Existing Home Sales Are Down in July
Existing home sales, which comprises the lion’s share of the home sales, is down again in July according to NAR. Existing home sales are down 9.2% from July of last year. As an aside new home sales were down 10.2% from the same period last year. The disturbing number is that the inventory is up to 9.6 month supply. This will only get worse as the market moves into the slower fall and winter months, plus the next big surge of ARM re-sets occurs from October through February. It would not be surprising to see the inventory number approach 11 or 12 months.
Another thing that should be considered, but is difficult to quantify is shadow supply. Those the are people that want to sell, but have pulled their homes off the market due to market conditions. When you consider, the inventory, potential inventory from the ARM resets over the next 6 months, shadow supply, illiquidity in the mortgage markets, tougher underwriting criteria, and the effect that all of this will have on the economy it is difficult to be optimistic until 2009 at the earliest and more than likely it will be 2010 before the market bottoms out.

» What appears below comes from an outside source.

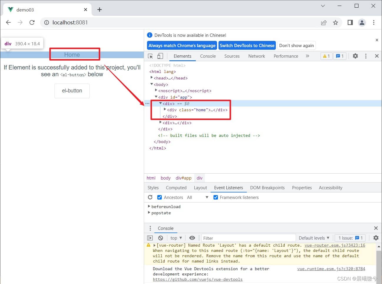//App.vue中<template> <div id='app'>//關(guān)鍵是 router-view 能否成功渲染 <router-view></router-view> <div> <p>If Element is successfully added to this project, you'll see an<code v-text=''<el-button>''></code>below </p> <el-button>el-button</el-button> </div> </div></template><script>export default { name: 'app', components: { }}</script>//index.js文件 import Vue from 'vue'import VueRouter from 'vue-router'import HomeView from '../views/main/HomeView.vue'import Layout from '../views/LayoutView.vue' Vue.use(VueRouter) //1.這里是routes,指定路徑和成員 const routes = [ { path: '/', name: 'Layout',//以下的 component(這是對的) 千萬注意,不要寫成 components(這是錯的) component: Layout, children: [ {path: '',name: 'Home',component: HomeView,meta: { isLogin: true} }, {path: 'params',name: 'params',component: () => import('../views/main/ParamsView.vue'),meta: { isLogin: true} }, {path: 'ad',name: 'ADclassify',component: () => import('../views/main/ADClassify.vue'),meta: { isLogin: true} }, {path: 'product',name: 'product',component: () => import('../views/main/ProductView.vue'),meta: { isLogin: true} } ] }, { path: '/login', name: 'Login', component: () => import('../views/LoginView.vue'), meta: { isLogin: true } }]//2.這里是router,是一個VueRouter對象const router = new VueRouter({ mode: 'history', base: process.env.BASE_URL, routes//3.這里是routes,對應(yīng)1中指定的內(nèi)容}) export default router以上,沒什么問題的話,可以看到

Total existing home sales, including single-family, townhomes, condominiums and co-ops – slipped 0.2 percent to a seasonally adjusted annual rate1 of 5.75 million units in July from an upwardly revised pace of 5.76 million in June, and are 9.0 percent below the 6.32 million-unit level in July 2006.

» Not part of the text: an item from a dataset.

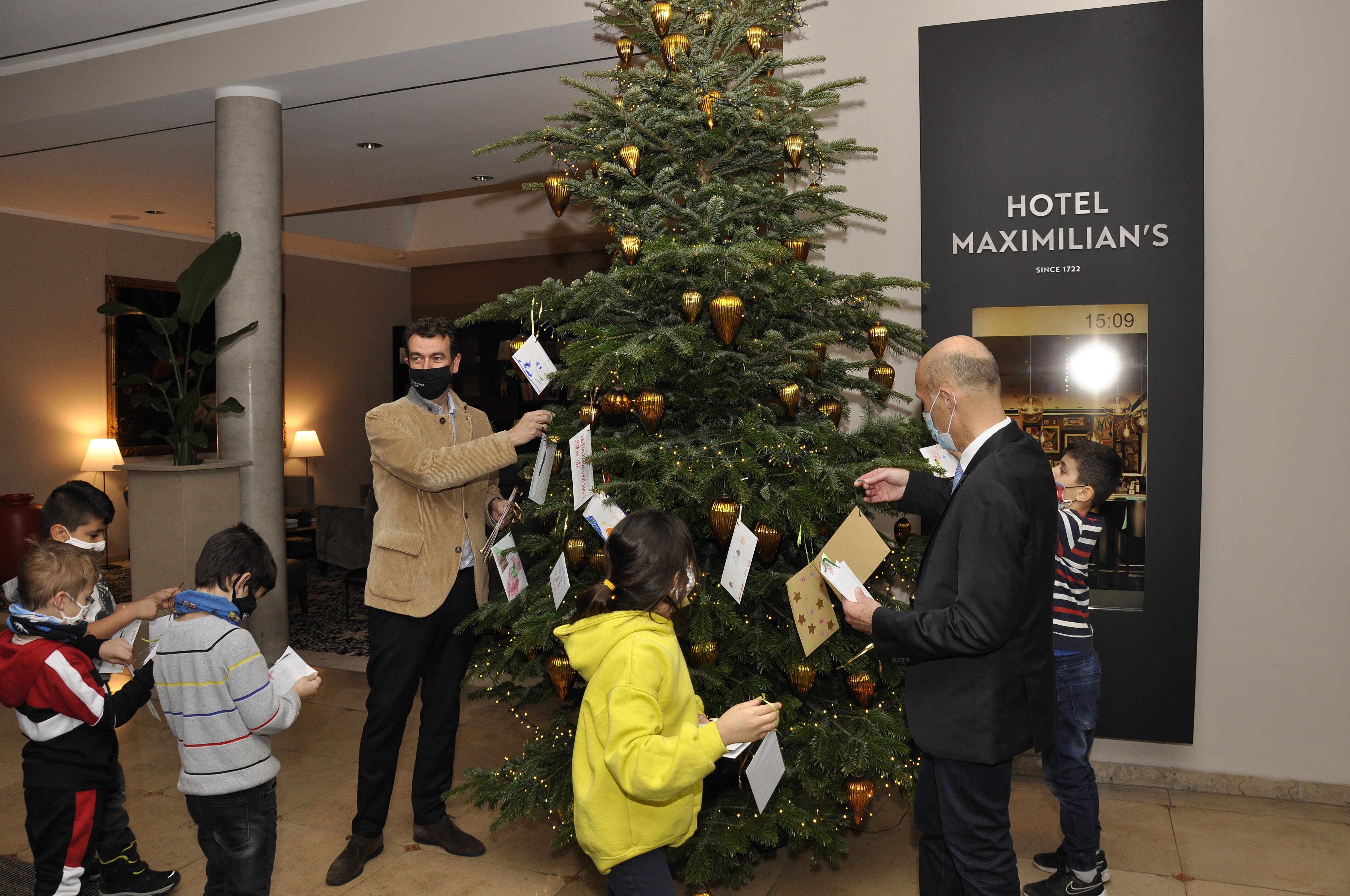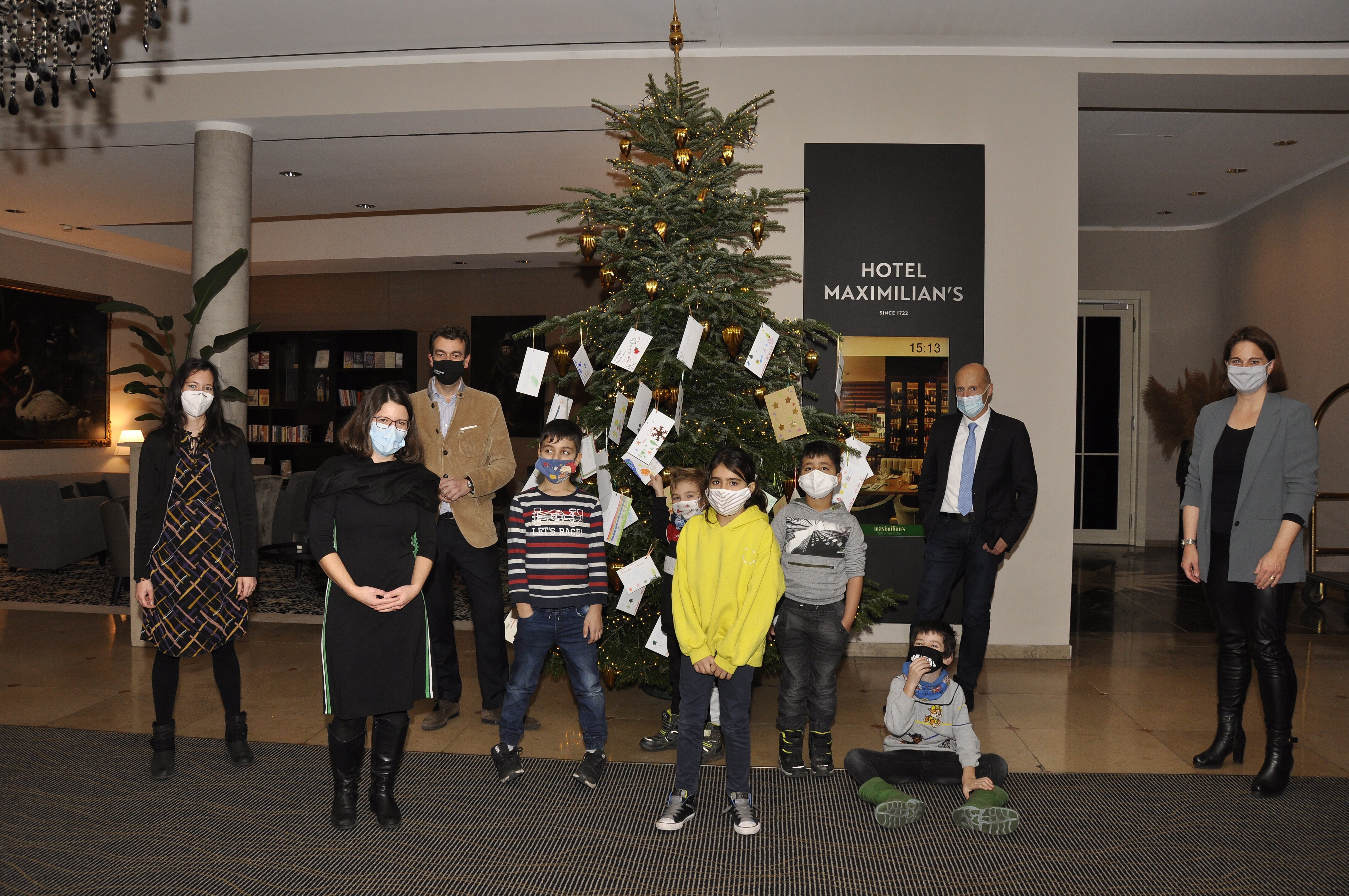„Bitte nimm mich“ steht auf einem mit grünen und roten Klebebändern verzierten Umschlag, der am Weihnachtsbaum in der Lobby des Hotels Maximilian’s hängt. Genau 50 solcher bunt bemalter und beschriebener Umschläge mit Wünschen von Kindern und Jugendlichen aus dem zur Katholischen Jugendfürsorge (KJF) Augsburg gehörenden Frère-Roger-Kinderzentrum haben Hoteldirektor Theodor Gandenheimer und Markus Mayer, Vorstandsvorsitzender der KJF Augsburg, zusammen mit Max (6), Sobhan (7), Maha (8), Alen (8) und Yanes (6) aufgehängt. Nun warten die Wünsche darauf von Augsburger Bürgern und Hotelgästen erfüllt zu werden.

The national median existing-home price2 for all housing types was $228,900 in July, down 0.6 percent from July 2006 when the median was $230,200, the highest monthly price on record. The median is a typical market price where half of the homes sold for more and half sold for less.
Total housing inventory rose 5.1 percent at the end of June to 4.59 million existing homes available for sale, which represents a 9.6-month supply at the current sales pace, up from an upwardly revised 9.1-month supply in June.